[[ Given records, beginning ]]

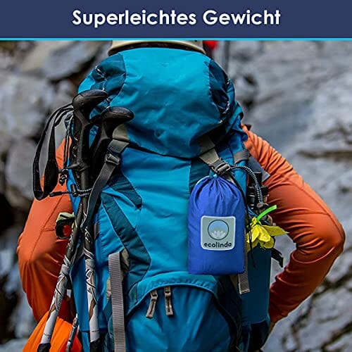 ecolinda ️ Ultralekki hamak klasy premium, 2 osoby, udźwig 225 kg, 305 x 200 cm, szybkoschnący nylon, 2 karabińczyki premium, 2 nylonowe pętelki, kemping, do ogrodu i wewnątrz
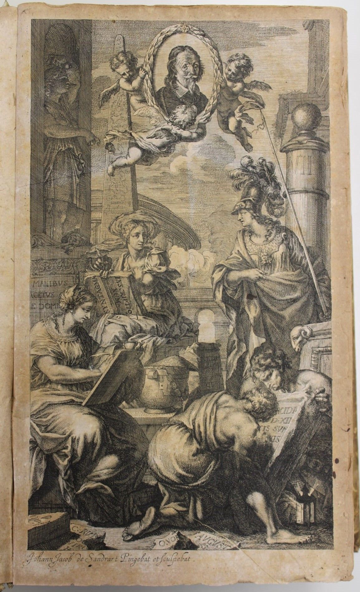 (II.1) Frontespizio in stile neoclassico, realizzato da Johann Jacob von Sandrart, ritrattista, incisore e illustratore di edizioni abile e prolifico, noto come il ‘Vasari tedesco’, fondatore dell’ Accademia delle Belle Arti di Norimberga.
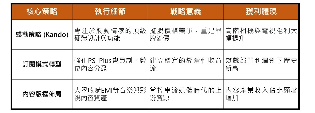 當SONY解決了生存問題後,平井一夫開始思考企業的長遠存在意義。他提出的第三個關鍵想法是「感動」(Kando)策略。這聽起來像是一個虛幻的感性詞彙,但在平井一夫的執行下,它轉化為一套極其理性的獲利模式轉型,成功讓索尼從傳統的硬體販賣者,轉變為提供持續性價值的服務者。
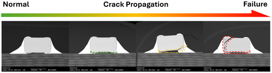 In the experiment, a displacement of 150 µm was repeatedly applied to the SMD capacitors to induce cracks step by step. Both the magnitude of displacement and the number of repetitions were controlled according to predefined criteria, and crack progression was divided into a total of nine stages. Each stage represented a different level of crack severity, with stage 0 indicating the normal state and stage 8 representing severe crack propagation, just prior to component failure. All specimens were uniformly arranged on identical boards and treated consistently before and after crack application and impedance spectrum measurement to ensure the reliability of the collected data. The presence and severity of cracks were confirmed through scanning electron microscopy (SEM), as shown in Figure 4. SEM images clearly demonstrated crack formation on the surface and within the interior of the capacitors, which was found to be consistent with the typical crack patterns observed in SMD capacitors [27].
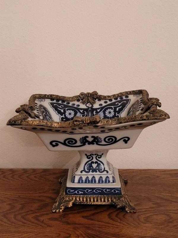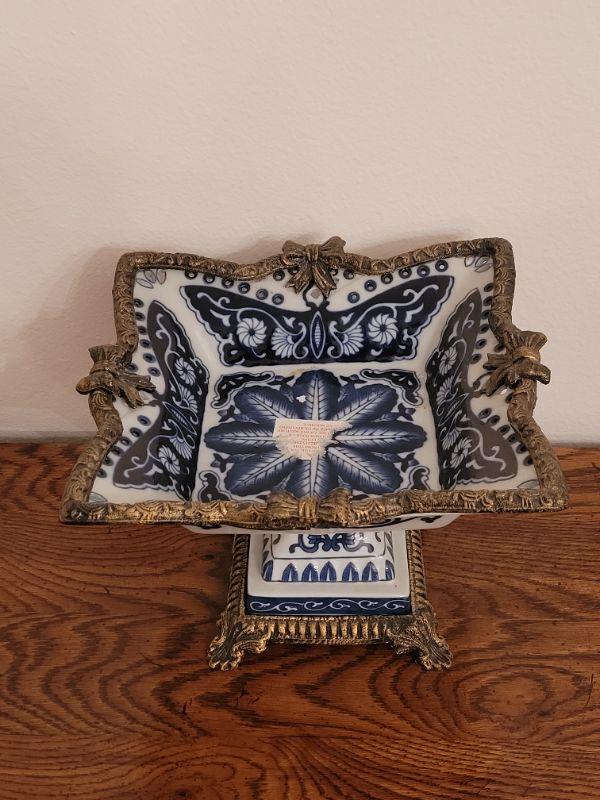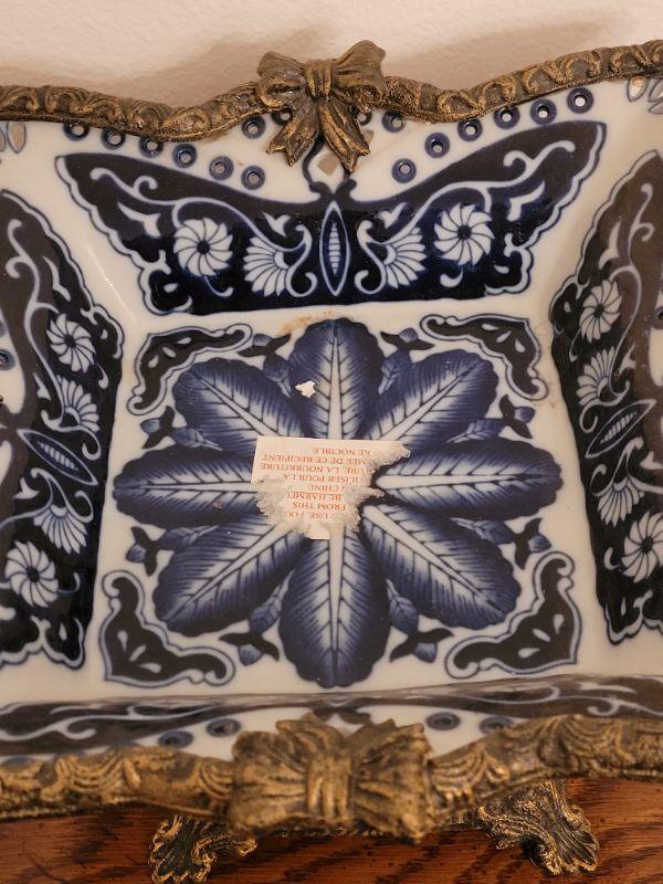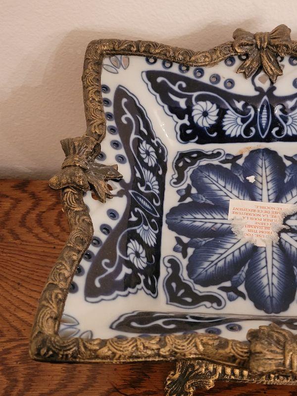 Lot 162: BOMBAY Blue, White & Brass 12.5" × 9"
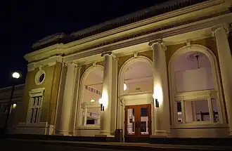 The current Beaux-Arts-style structure was designed by Southern Pacific's chief architect John H. Christie.[6][7] It is constructed of masonry, and is one of five masonry depots that still exist along the original Southern Pacific West Coast line. The other depots are in Albany, Medford, Roseburg and Eugene.[8]
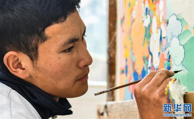 在西藏昌都市卡若區(qū)嘎瑪鄉(xiāng)的民族手工藝培訓(xùn)基地,學(xué)員在學(xué)習(xí)畫(huà)唐卡(10月3日攝)。新華社記者 普布扎西 攝
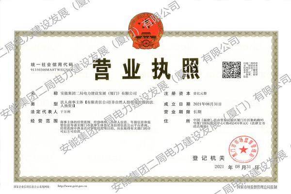 中國電力網訊 8月31日,中國安能第二工程局電力建設發展(廈門)有限公司順利完成工商登記并取得營業執照。
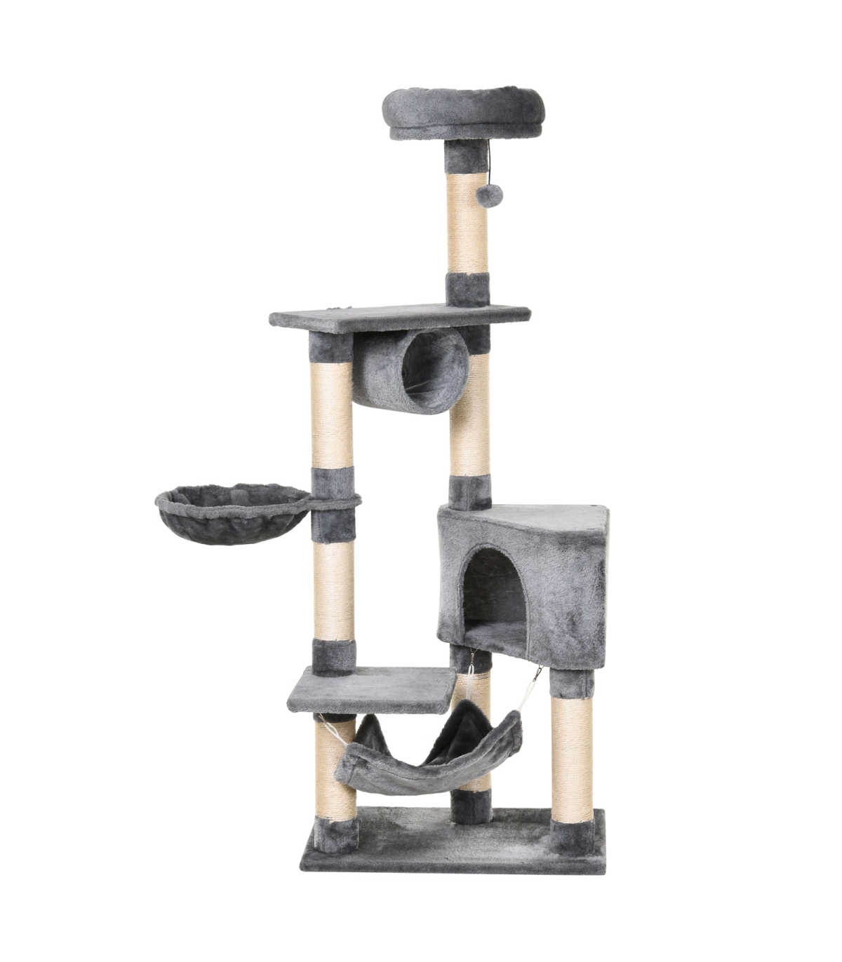 Provide your lovely furry friends a comfortable and safe place with this cat play tower from PawHut. With multiple platforms to lounge and bask on, this multi-tiered cat tree is the purr-fect solution for homes with more than one frisky feline! The middle post features scratching areas, offers them plenty of places to stretch and exercise their claws. With multiple platforms to choose from, your little ones are bound to have an absolute blast with this easy-to-install cat furniture!
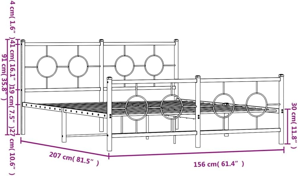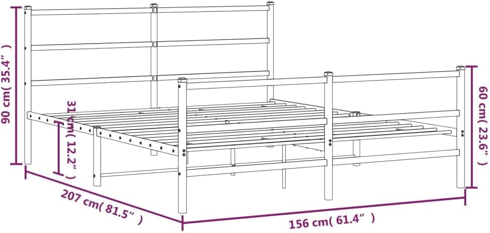 vidaXL White Metal Bed Frame-Industrial Double Bed with Headboard/Footboard, Bedroom Furniture, 81.5"x61.4", Mattress Support
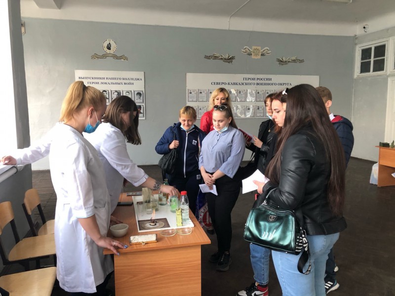 Школьники с большим интересом осматривали кабинеты и лаборатории, побывали в музее истории ШРКТЭ. Ученики школ посмотрели на химические опыты, подготовленные студентами, поучаствовали в мастер-классах по приготовлению кондитерских изделий и попробовали свои силы в оказании первой медицинской помощи на специальном тренажере.
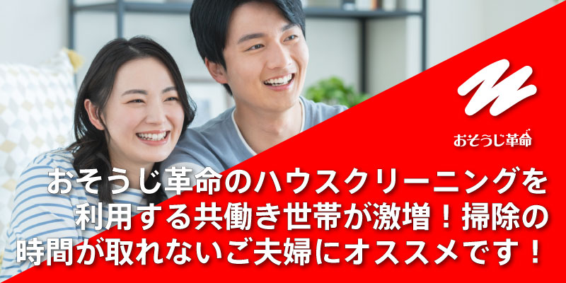 おそうじ革命のハウスクリーニングを利用する共働き世帯が激増!掃除の時間が取れないご夫婦にオススメです!
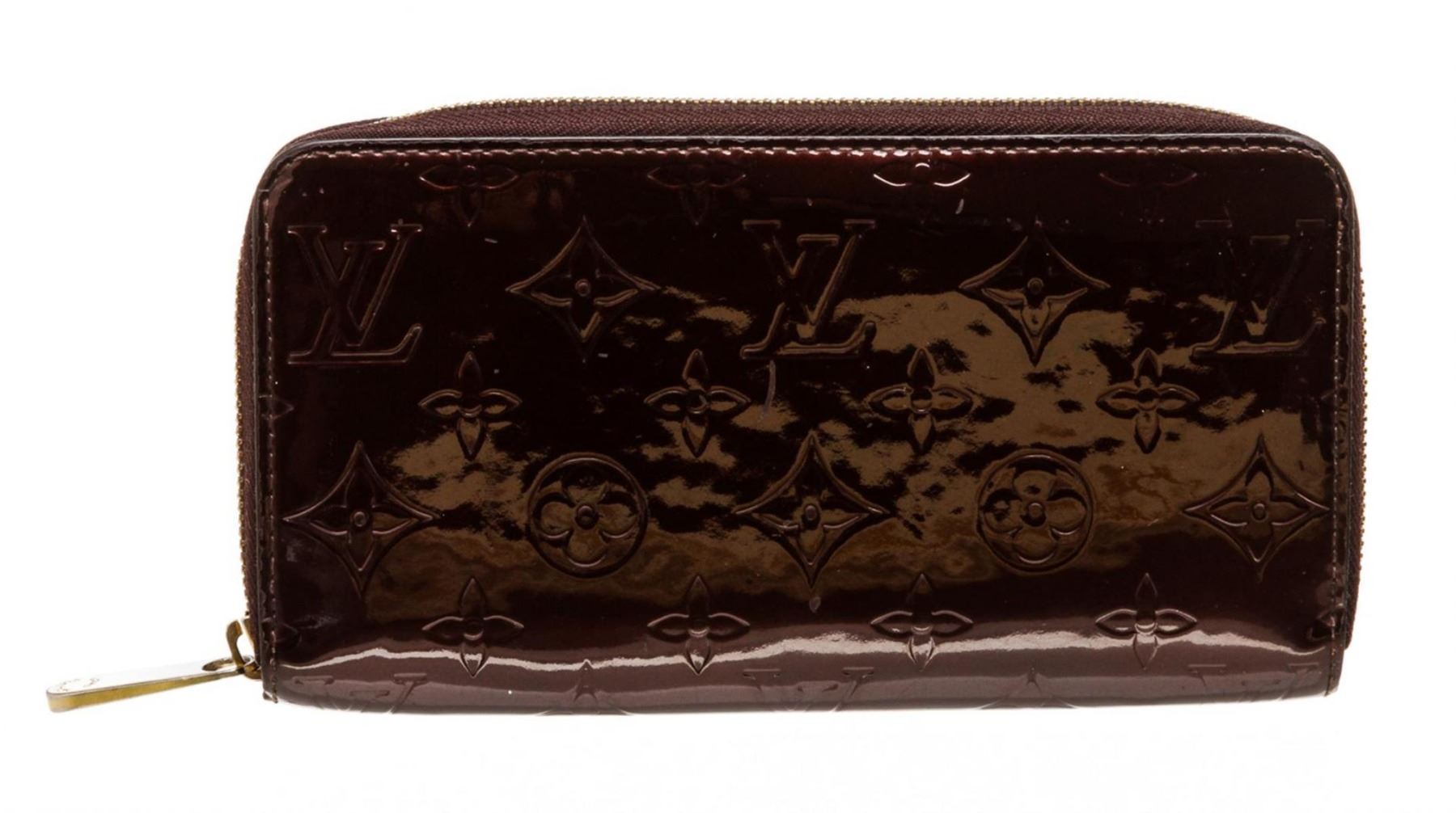 One Louis Vuitton Amarante Vernis Monogram Zippy Wallet. Monogram Vernis leather Louis Vuitton Zippy wallet with brass hardware, tonal leather lining, four interior compartments; one with zip closure, three bill compartments, eight card slots and zip-around closure.
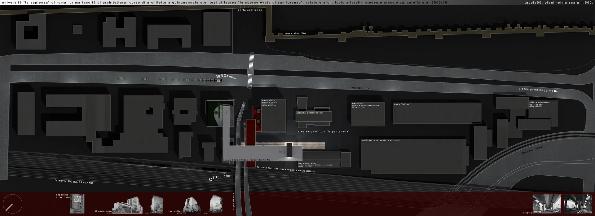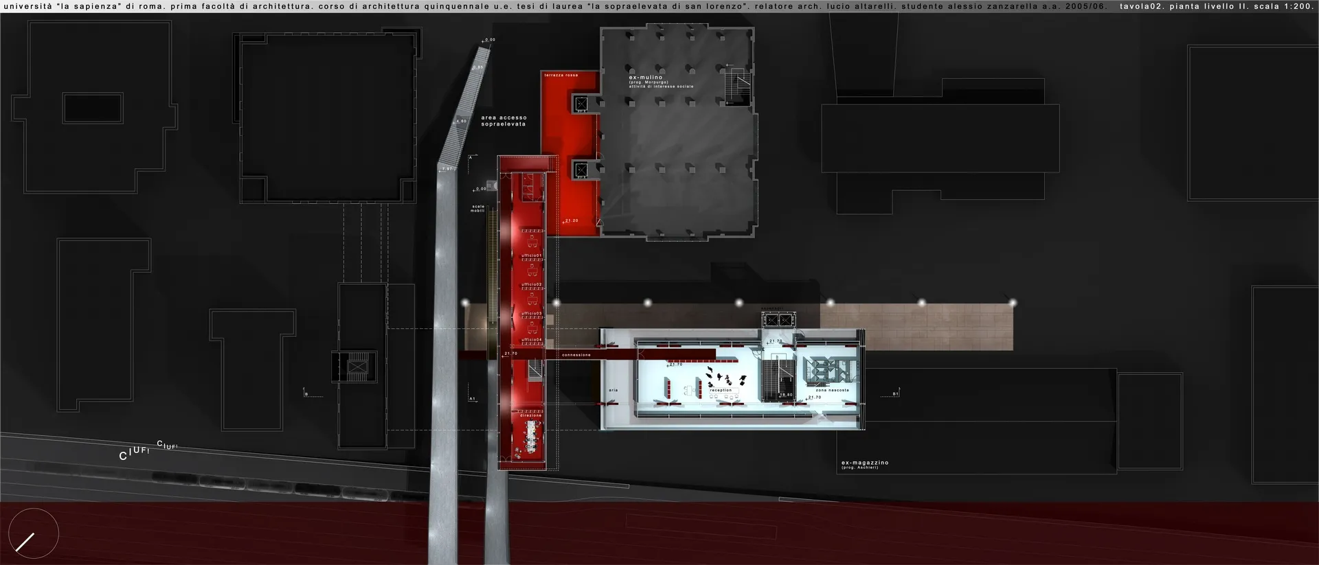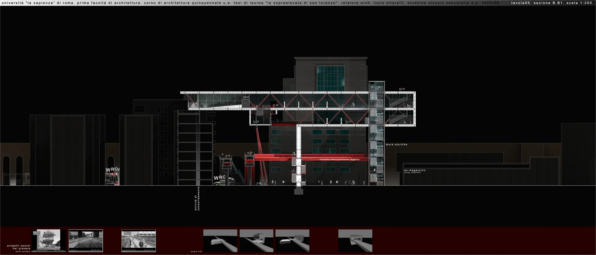 In questo contesto nasce la mia tesi, che tratta un tema che poi verrà approfondito nel progetto delle High Lines di New York dagli architetti Diller Scofidio + Renfro. Infatti il sistema architettonico è un impianto polifunzionale dedicato alle performance artistiche e alle arti in generale, localizzato a Roma sull'ingresso alla TANGENZIALE EST e collocato in una dimensione temporale futuribile in cui la famosa sopraelevata, elemento urbano spesso ricorrente nella storia del cinema post-moderno italiano, è diventata pedonale ed è percorsa a piedi solo per ammirare il dolce panorama della città eterna. L'edificio pone le sue fondamenta nell'ingresso alla tangenziale da Porta Maggiore, quasi "appoggiandosi" sugli edifici ormai un po’ usurati da un esistenzialismo urbano depresso, spezzando la continuità dell'asfalto con la rete della viabilità romana e rendendola raggiungibile solo a piedi per mezzo dell'ascensore o del vano scala.
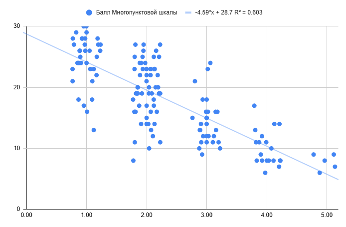 Получилось красиво. Корреляция с однопунктовой шкалой: r=0,76
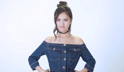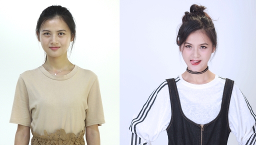 化妆师:西瓜红色系腮红和唇色少女感满分,别的部分妆感较淡,少女妆容不适合大浓妆。 发型师:高高的丸子头元气满满;半丸子头轻松又有女人味,随手放下了一缕,增添随性的感觉。 服装师:背带裤和短裙都拉长了腿部线条,身材比例看起来更好;一字肩短裙露出锁骨,性感又可爱。
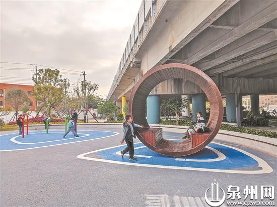 “这里以前是一片废弃空地,私自倾倒建筑垃圾的违法行为屡禁不止,场地里杂草丛生,完全就是一个卫生死角。如今建成了口袋公园,让我们多了一个休闲放松的去处,也解决了卫生问题。”家住附近的市民陈先生说,最让人惊喜的是园区随处可见的闽南童谣。“小时候搬着凳子踮在厝边和阿公阿嬷打节奏唱童谣,曾是童年最快乐的回忆,如今会唱闽南童谣的孩子越来越少。有这样一个小公园,平时带着孩子过来,在玩耍的同时也能受到闽南文化的熏陶,非常有意义。”

[[ Given records, end ]]

[The task] Print every line of the material above exactly as it reads, skipping the pictures.

[Exercise output]
 ecolinda ️ Ultralekki hamak klasy premium, 2 osoby, udźwig 225 kg, 305 x 200 cm, szybkoschnący nylon, 2 karabińczyki premium, 2 nylonowe pętelki, kemping, do ogrodu i wewnątrz
 (II.1) Frontespizio in stile neoclassico, realizzato da Johann Jacob von Sandrart, ritrattista, incisore e illustratore di edizioni abile e prolifico, noto come il ‘Vasari tedesco’, fondatore dell’ Accademia delle Belle Arti di Norimberga.
 當SONY解決了生存問題後,平井一夫開始思考企業的長遠存在意義。他提出的第三個關鍵想法是「感動」(Kando)策略。這聽起來像是一個虛幻的感性詞彙,但在平井一夫的執行下,它轉化為一套極其理性的獲利模式轉型,成功讓索尼從傳統的硬體販賣者,轉變為提供持續性價值的服務者。
 In the experiment, a displacement of 150 µm was repeatedly applied to the SMD capacitors to induce cracks step by step. Both the magnitude of displacement and the number of repetitions were controlled according to predefined criteria, and crack progression was divided into a total of nine stages. Each stage represented a different level of crack severity, with stage 0 indicating the normal state and stage 8 representing severe crack propagation, just prior to component failure. All specimens were uniformly arranged on identical boards and treated consistently before and after crack application and impedance spectrum measurement to ensure the reliability of the collected data. The presence and severity of cracks were confirmed through scanning electron microscopy (SEM), as shown in Figure 4. SEM images clearly demonstrated crack formation on the surface and within the interior of the capacitors, which was found to be consistent with the typical crack patterns observed in SMD capacitors [27].
 Lot 162: BOMBAY Blue, White & Brass 12.5" × 9"
 The current Beaux-Arts-style structure was designed by Southern Pacific's chief architect John H. Christie.[6][7] It is constructed of masonry, and is one of five masonry depots that still exist along the original Southern Pacific West Coast line. The other depots are in Albany, Medford, Roseburg and Eugene.[8]
 在西藏昌都市卡若區(qū)嘎瑪鄉(xiāng)的民族手工藝培訓(xùn)基地,學(xué)員在學(xué)習(xí)畫(huà)唐卡(10月3日攝)。新華社記者 普布扎西 攝
 中國電力網訊 8月31日,中國安能第二工程局電力建設發展(廈門)有限公司順利完成工商登記并取得營業執照。
 Provide your lovely furry friends a comfortable and safe place with this cat play tower from PawHut. With multiple platforms to lounge and bask on, this multi-tiered cat tree is the purr-fect solution for homes with more than one frisky feline! The middle post features scratching areas, offers them plenty of places to stretch and exercise their claws. With multiple platforms to choose from, your little ones are bound to have an absolute blast with this easy-to-install cat furniture!
 vidaXL White Metal Bed Frame-Industrial Double Bed with Headboard/Footboard, Bedroom Furniture, 81.5"x61.4", Mattress Support
 Школьники с большим интересом осматривали кабинеты и лаборатории, побывали в музее истории ШРКТЭ. Ученики школ посмотрели на химические опыты, подготовленные студентами, поучаствовали в мастер-классах по приготовлению кондитерских изделий и попробовали свои силы в оказании первой медицинской помощи на специальном тренажере.
 おそうじ革命のハウスクリーニングを利用する共働き世帯が激増!掃除の時間が取れないご夫婦にオススメです!
 One Louis Vuitton Amarante Vernis Monogram Zippy Wallet. Monogram Vernis leather Louis Vuitton Zippy wallet with brass hardware, tonal leather lining, four interior compartments; one with zip closure, three bill compartments, eight card slots and zip-around closure.
 In questo contesto nasce la mia tesi, che tratta un tema che poi verrà approfondito nel progetto delle High Lines di New York dagli architetti Diller Scofidio + Renfro. Infatti il sistema architettonico è un impianto polifunzionale dedicato alle performance artistiche e alle arti in generale, localizzato a Roma sull'ingresso alla TANGENZIALE EST e collocato in una dimensione temporale futuribile in cui la famosa sopraelevata, elemento urbano spesso ricorrente nella storia del cinema post-moderno italiano, è diventata pedonale ed è percorsa a piedi solo per ammirare il dolce panorama della città eterna. L'edificio pone le sue fondamenta nell'ingresso alla tangenziale da Porta Maggiore, quasi "appoggiandosi" sugli edifici ormai un po’ usurati da un esistenzialismo urbano depresso, spezzando la continuità dell'asfalto con la rete della viabilità romana e rendendola raggiungibile solo a piedi per mezzo dell'ascensore o del vano scala.
 Получилось красиво. Корреляция с однопунктовой шкалой: r=0,76
 化妆师:西瓜红色系腮红和唇色少女感满分,别的部分妆感较淡,少女妆容不适合大浓妆。 发型师:高高的丸子头元气满满;半丸子头轻松又有女人味,随手放下了一缕,增添随性的感觉。 服装师:背带裤和短裙都拉长了腿部线条,身材比例看起来更好;一字肩短裙露出锁骨,性感又可爱。
 “这里以前是一片废弃空地,私自倾倒建筑垃圾的违法行为屡禁不止,场地里杂草丛生,完全就是一个卫生死角。如今建成了口袋公园,让我们多了一个休闲放松的去处,也解决了卫生问题。”家住附近的市民陈先生说,最让人惊喜的是园区随处可见的闽南童谣。“小时候搬着凳子踮在厝边和阿公阿嬷打节奏唱童谣,曾是童年最快乐的回忆,如今会唱闽南童谣的孩子越来越少。有这样一个小公园,平时带着孩子过来,在玩耍的同时也能受到闽南文化的熏陶,非常有意义。”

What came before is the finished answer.